Variational Inference in a Nutshell

  • \(D = \{(x_i, y_i)\}_{i=1}^N\): Our complete dataset

  • \(\theta\): Model parameters (e.g., in a neural network, the weights and biases)

  • \(p(\theta|D)\): True posterior distribution (what we want but can’t compute easily)

  • \(q_\phi(\theta)\): Variational approximation to the posterior (what we’ll optimize)

  • \(\phi\): Variational parameters (parameters of our approximate posterior)


  • \(\text{ELBO}(\phi) = \mathbb{E}_{q_\phi(\theta)}[\log p(y|x, \theta)] - \text{KL}(q_\phi(\theta) || p(\theta))\)

  • Maximizing the ELBO is equivalent to minimizing the KL divergence between our approximate posterior \(q_\phi(\theta)\) and the true posterior \(p(\theta|D)\) (up to a constant, with respect to \(q_\phi(\theta)\)). Why? Use the Bayes’ rule to expand the KL divergence.

  • This decomposes into two intuitive terms:

    • \(\mathbb{E}_{q_\phi(\theta)}[\log p(y|x, \theta)]\): Expected log-likelihood (how well we explain the data)
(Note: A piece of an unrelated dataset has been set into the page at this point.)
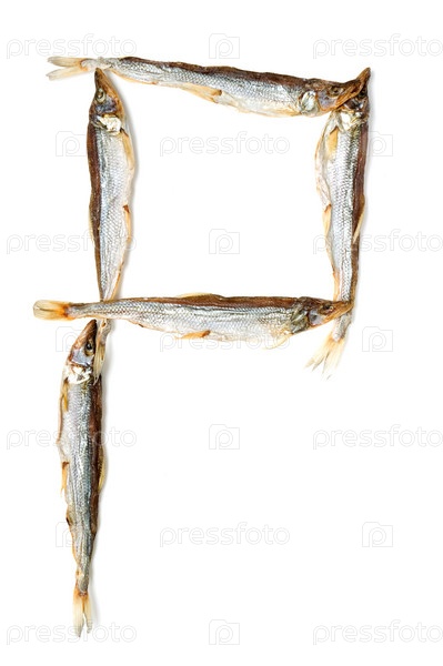 Большая буква 'P', выложенная из рыбы

    • \(\text{KL}(q_\phi(\theta) || p(\theta))\): KL divergence between \(q_\phi(\theta)\) and the prior \(p(\theta)\).

Estimating the Concentration Parameter of a Gamma Distribution \(\text{Gamma}(\alpha) \sim x^{\alpha - 1} e^{-x}\)

Approximation Model

We want to estimate the concentration parameter of a Gamma distribution. We model the data generating process as:

# Model to estimate the concentration parameter
def model(z: jax.Array | None = None) -> None:
    # Sample the concentration parameter from a HalfNormal distribution
    # as the concentration parameter has to be positive
    concentration = numpyro.sample(
        "concentration",
        dist.HalfNormal(scale=1),
    )
    # Sample the data from a Gamma distribution
    # with the concentration parameter and a rate of 1.0
    rate = 1.0
    numpyro.sample(
        "z",
        dist.Gamma(concentration=concentration, rate=rate),
        obs=z,
    )

Approximation Guide

def guide(z: jax.Array | None = None) -> None:
    # Location and scale parameters of the normal distribution
    concentration_loc = numpyro.param(
        "concentration_loc",
        init_value=0.5,
    )
    concentration_scale = numpyro.param(
        "concentration_scale",
        init_value=0.1,
        constraint=dist.constraints.positive,
    )
    # Variational approximation
    base_distribution = dist.Normal(
        loc=concentration_loc,
        scale=concentration_scale,
    )
    # We need to transform the base distribution
    # as the concentration parameter has to be positive
    transformed_distribution = dist.TransformedDistribution(
        base_distribution=base_distribution,
        transforms=dist.transforms.ExpTransform(),
    )
    # Sample the concentration parameter from the transformed distribution
    numpyro.sample("concentration", transformed_distribution)

Inference with SVI

This is how a typical SVI workflow looks like in NumPyro:

# Define the loss function (ELBO)
loss = Trace_ELBO(num_particles=10)

# Define the optimizer
optimizer = optax.adam(learning_rate=0.005)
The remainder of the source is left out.